Another Avebury Hare In The South-East Quadrant?

It seems to me not only that Stone 102 was intended to represent a hare, but its neighbour Stone 103 also.   Here is a crude sketch showing the approximate appearance of the 2 monoliths together. 102 is in the backround to the left, 103 is in the foreground to the right:

 

If both 102 and 103 both represent hares standing in the same stone circle and looking together along its circumference an intriguing possibility arises because their relative position and orientation may suggest motion.     Avebury's neolithic creators may have envisaged the circle here as representing moving stone figures, processing in a clockwise direction around the central Obelisk stone, like dancers around a maypole.  On this basis Stone 103 is effectively leading 102 behind it in this procession.   The resulting dance may well have been intended to honour the May 8th "Marriage Of The Gods" ceremony which Meaden has posited, where the shadows cast by the rising sun impregnate a monolith representing the Earth Goddess.   The symbolism of the fecund hares dancing to celebrate this spring mating is to my mind very plausible.
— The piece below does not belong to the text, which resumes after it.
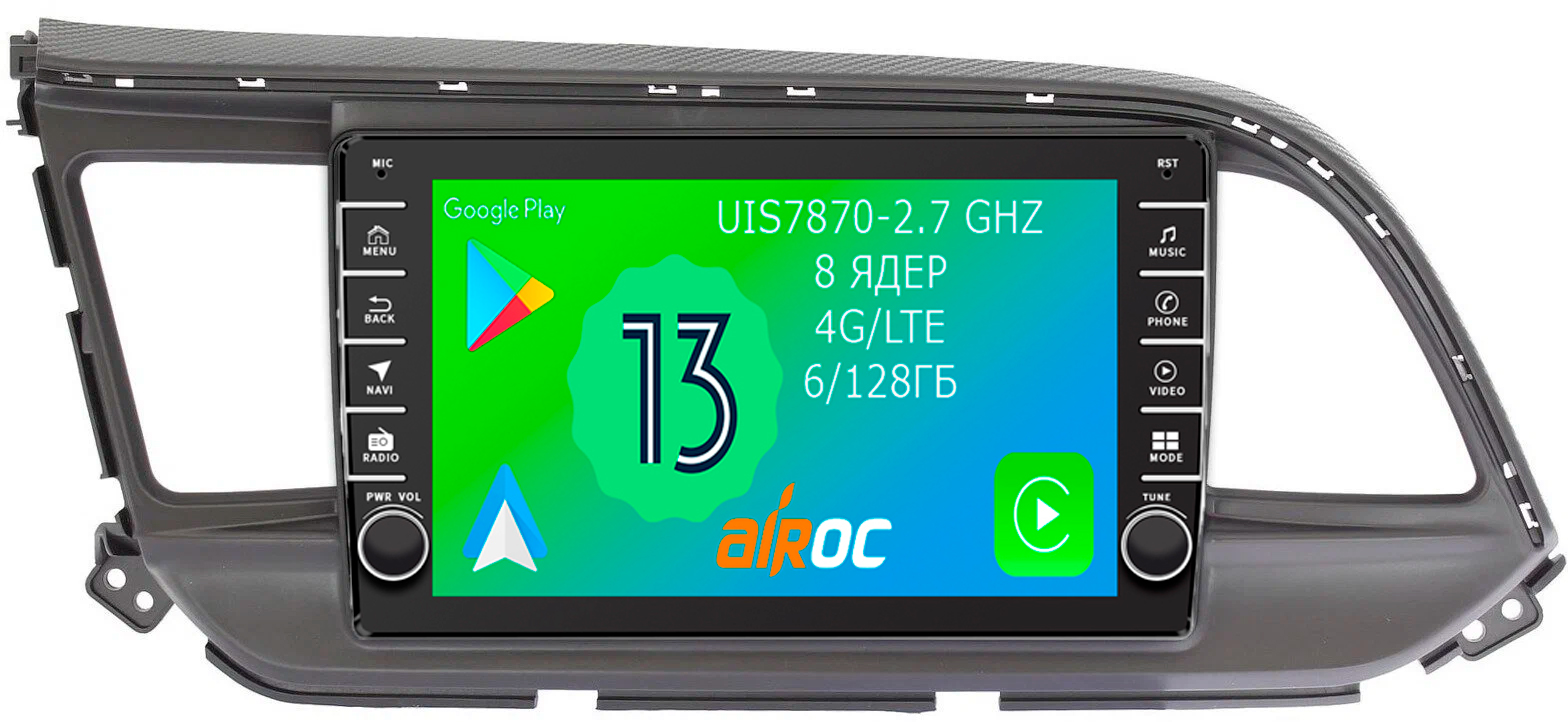 Магнитола для Hyundai Elantra 2019-2020 - Airoc AB-2026 (кнопки и крутилки), Android 13, TS20, 6/128Гб, SIM-слот, CarPlay

I ask myself if the hares of Stones 102 and 103 and their dance around the Obelisk represent the origin of our own cultures' spring obsession with Easter Bunnies and maypole dancing?

When the Magdalen College Choir sing the Hymnus Eucharisticus from the top of their great tower as the sun rises on May Day are they in fact recapitulating a nearly forgotten ancient ceremony from Avebury, a ceremony flanked by our gigantic stone hares?